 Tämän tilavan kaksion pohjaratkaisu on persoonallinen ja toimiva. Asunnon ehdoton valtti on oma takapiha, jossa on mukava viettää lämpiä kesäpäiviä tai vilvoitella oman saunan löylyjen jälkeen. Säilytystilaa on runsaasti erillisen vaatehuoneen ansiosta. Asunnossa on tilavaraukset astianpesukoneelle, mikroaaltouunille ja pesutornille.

:::::

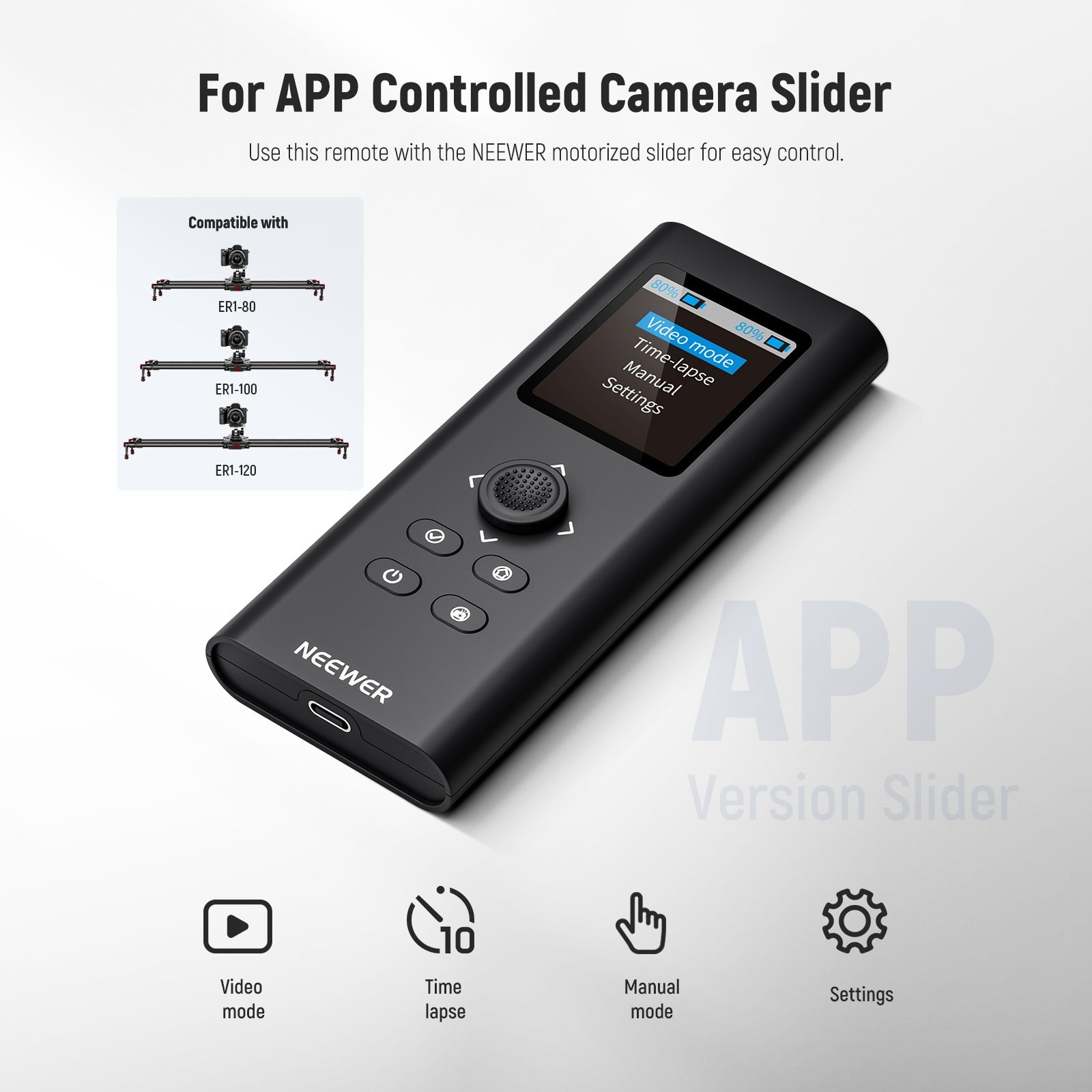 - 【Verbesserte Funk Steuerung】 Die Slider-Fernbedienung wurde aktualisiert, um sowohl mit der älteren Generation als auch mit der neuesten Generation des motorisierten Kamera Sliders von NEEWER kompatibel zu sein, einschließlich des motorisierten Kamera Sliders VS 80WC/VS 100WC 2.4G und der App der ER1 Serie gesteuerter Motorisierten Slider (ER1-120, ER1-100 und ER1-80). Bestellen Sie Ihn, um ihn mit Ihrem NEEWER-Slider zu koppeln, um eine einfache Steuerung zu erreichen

:::::

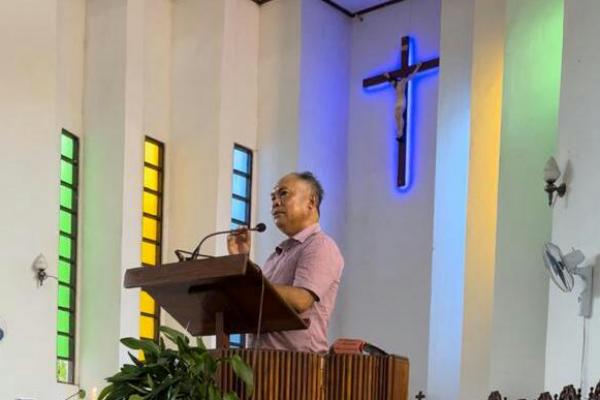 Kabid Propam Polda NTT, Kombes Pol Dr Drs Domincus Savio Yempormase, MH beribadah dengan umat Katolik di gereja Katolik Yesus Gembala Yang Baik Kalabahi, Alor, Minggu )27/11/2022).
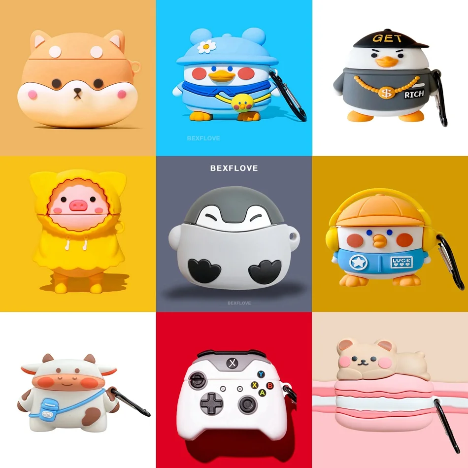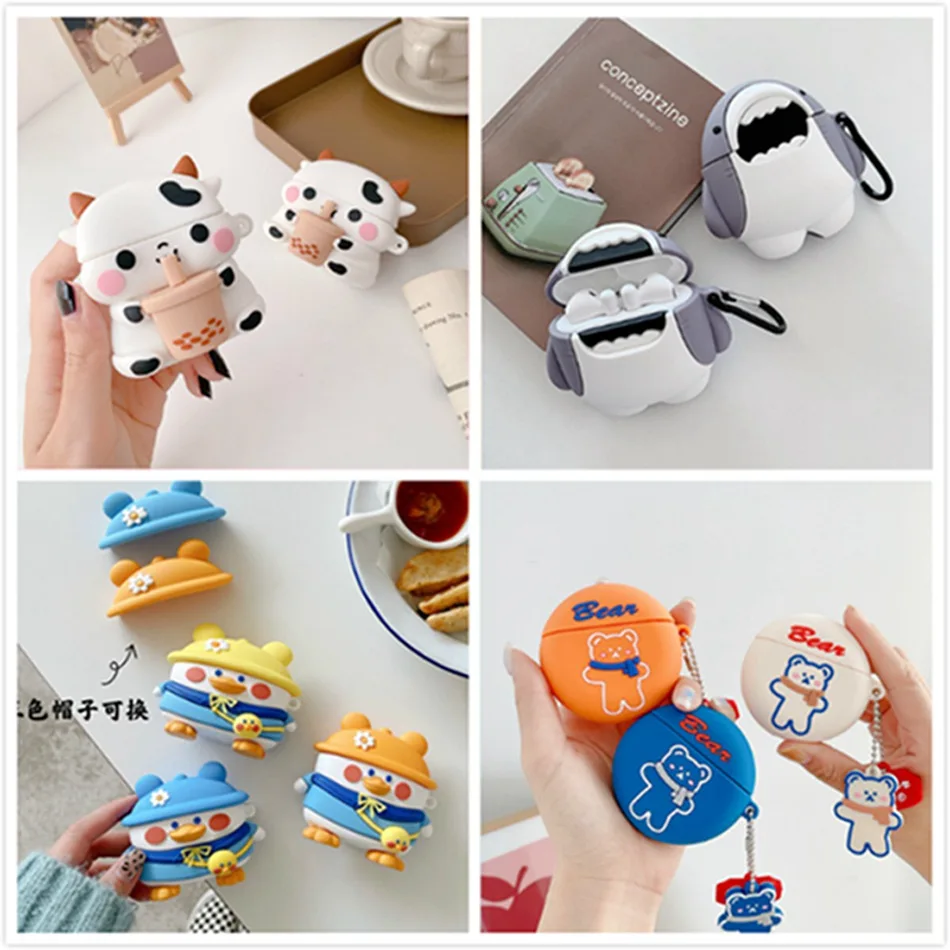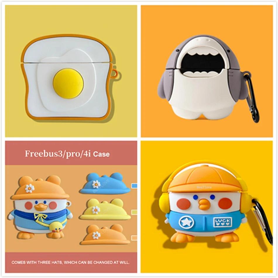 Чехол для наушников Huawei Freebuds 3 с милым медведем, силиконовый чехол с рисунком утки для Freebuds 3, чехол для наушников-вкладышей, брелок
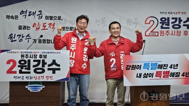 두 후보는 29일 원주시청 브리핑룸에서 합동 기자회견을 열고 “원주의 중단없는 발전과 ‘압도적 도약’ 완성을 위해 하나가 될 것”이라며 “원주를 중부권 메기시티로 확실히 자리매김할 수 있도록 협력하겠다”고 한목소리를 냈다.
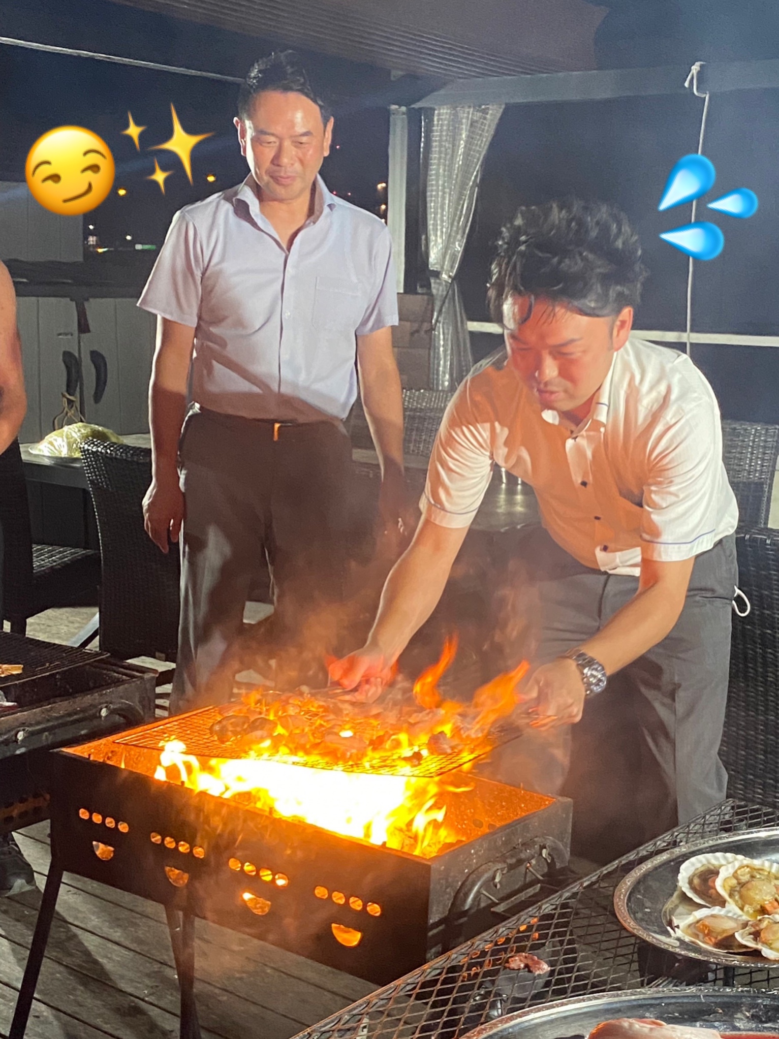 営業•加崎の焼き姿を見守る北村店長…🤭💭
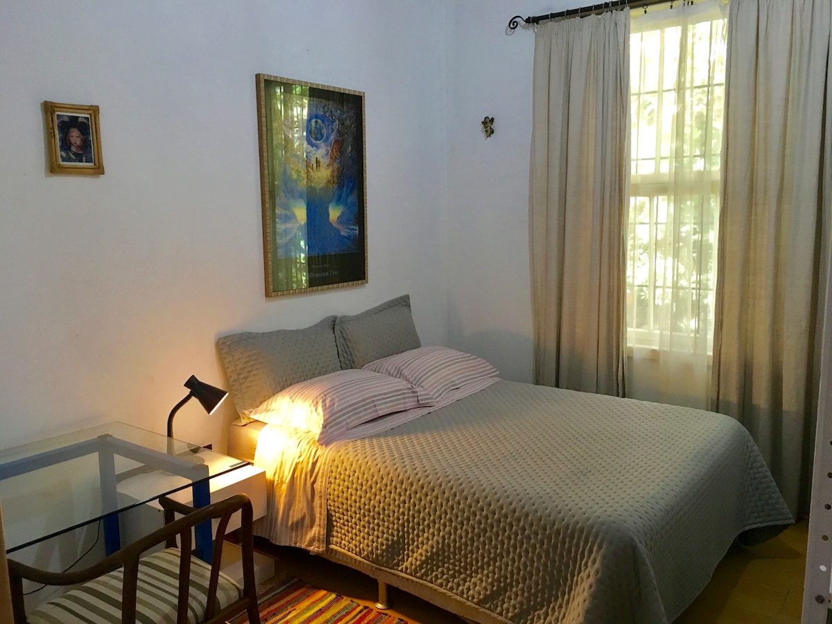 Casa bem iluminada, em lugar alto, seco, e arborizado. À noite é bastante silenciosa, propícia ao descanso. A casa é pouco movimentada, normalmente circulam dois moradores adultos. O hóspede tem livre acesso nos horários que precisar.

:::::

**BRIEF:** Above are the records; please give again, exactly and in full, only the lines that run from the line with "두 후보는 29일 원주시청" through the line with "営業•加崎の焼き姿を見守る北村店長…🤭💭", with no pictures.

**YOUR SOLUTION:**
 두 후보는 29일 원주시청 브리핑룸에서 합동 기자회견을 열고 “원주의 중단없는 발전과 ‘압도적 도약’ 완성을 위해 하나가 될 것”이라며 “원주를 중부권 메기시티로 확실히 자리매김할 수 있도록 협력하겠다”고 한목소리를 냈다.
 営業•加崎の焼き姿を見守る北村店長…🤭💭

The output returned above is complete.